(PROVIDED MATERIAL):
○ ○ ○

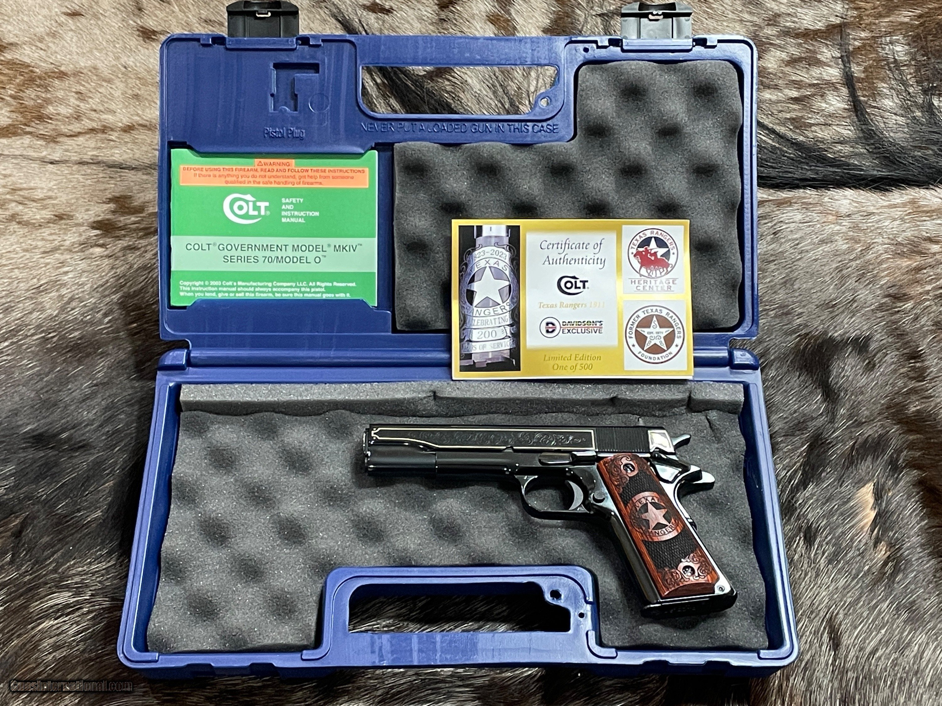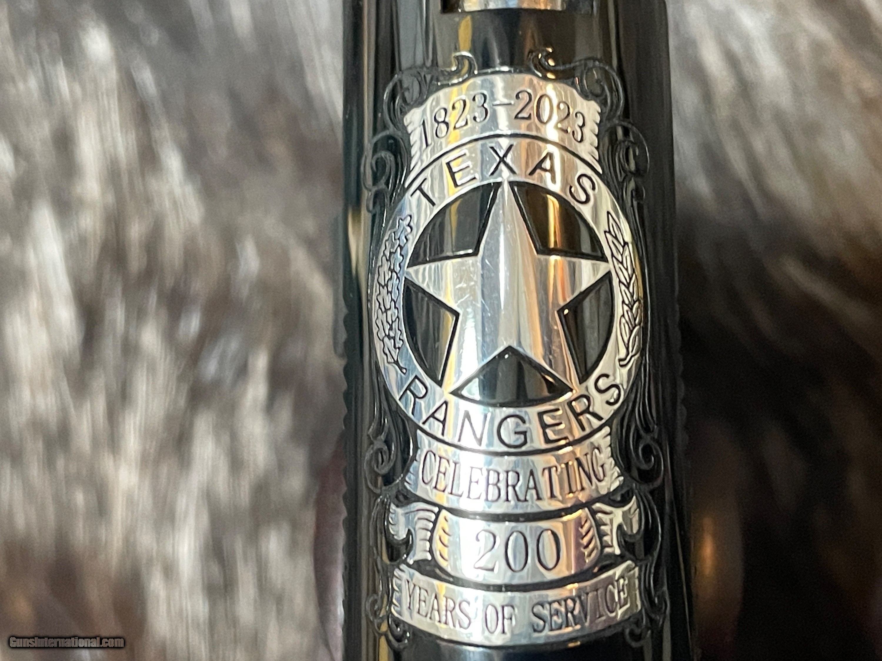 Description: THIS IS A MATCHED PAIR OF LIMITED PRODUCTION CUSTOM GRADE WINCHESTER MODEL 1895 TEXAS RANGERS 200TH ANNIVERSARY EDITION LEVER ACTION RIFLE IN 30-06 SPRINGFIELD AND COLT 1911 TEXAS RANGER 200TH ANNIVERSARY EDITION 45 ACP PISTOL, BOTH WITH SERIAL NUMBER 12 - LAYAWAY AVAILABLE. Features Of This BEAUTIFUL LIMITED EDITION MATCHED PAIR Model 1895 Rifle (Serial No. TXRNGC0012) and 1911 45 ACP Pistol (Serial No. TXR012) Include:
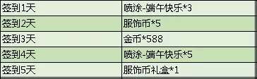 活动期间,累计登录5天,即可领取金币、服饰币及端午主题喷涂!
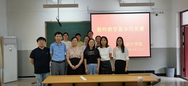金秋九月,丹桂飘香,在这充满收货的季节,会计学院为了加强年轻教师教学基本功的提升,9月1日下午在明理楼C303教室,积极组织年轻教师教学基本功竞赛交流活动,参加此次交流活动的有院长张传明,副院长胡晓平及会计学院全体老师。
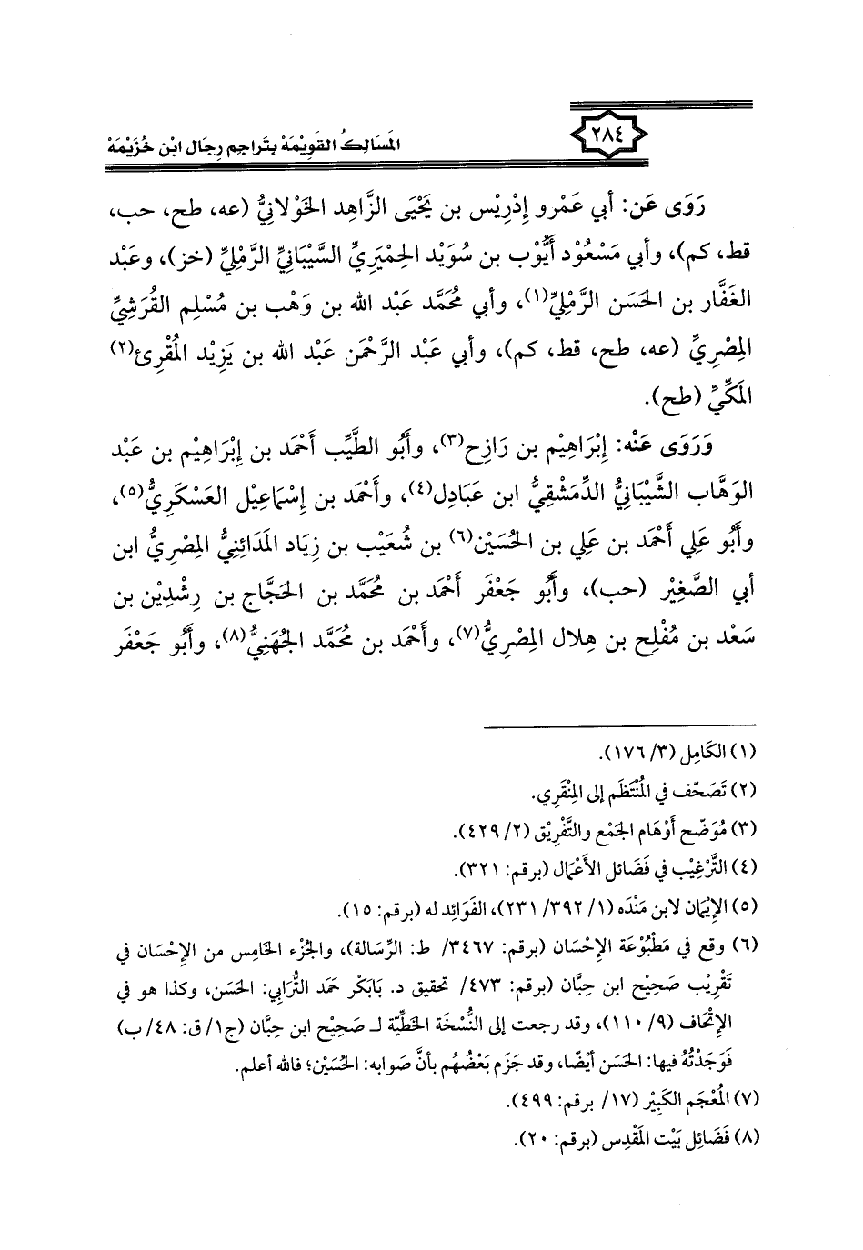 كتاب المسالك القويمة بتراجم رجال ابن خزيمة في الصحيح، والتوحيد، والفوائد (اسم الجزء: 1)

○ ○ ○

(EXERCISE OBJECTIVE): Apart from the pictures, the whole listing should be reproduced exactly.

(ANSWER TO THIS TASK):
 Description: THIS IS A MATCHED PAIR OF LIMITED PRODUCTION CUSTOM GRADE WINCHESTER MODEL 1895 TEXAS RANGERS 200TH ANNIVERSARY EDITION LEVER ACTION RIFLE IN 30-06 SPRINGFIELD AND COLT 1911 TEXAS RANGER 200TH ANNIVERSARY EDITION 45 ACP PISTOL, BOTH WITH SERIAL NUMBER 12 - LAYAWAY AVAILABLE. Features Of This BEAUTIFUL LIMITED EDITION MATCHED PAIR Model 1895 Rifle (Serial No. TXRNGC0012) and 1911 45 ACP Pistol (Serial No. TXR012) Include:
 活动期间,累计登录5天,即可领取金币、服饰币及端午主题喷涂!
金秋九月,丹桂飘香,在这充满收货的季节,会计学院为了加强年轻教师教学基本功的提升,9月1日下午在明理楼C303教室,积极组织年轻教师教学基本功竞赛交流活动,参加此次交流活动的有院长张传明,副院长胡晓平及会计学院全体老师。
 كتاب المسالك القويمة بتراجم رجال ابن خزيمة في الصحيح، والتوحيد، والفوائد (اسم الجزء: 1)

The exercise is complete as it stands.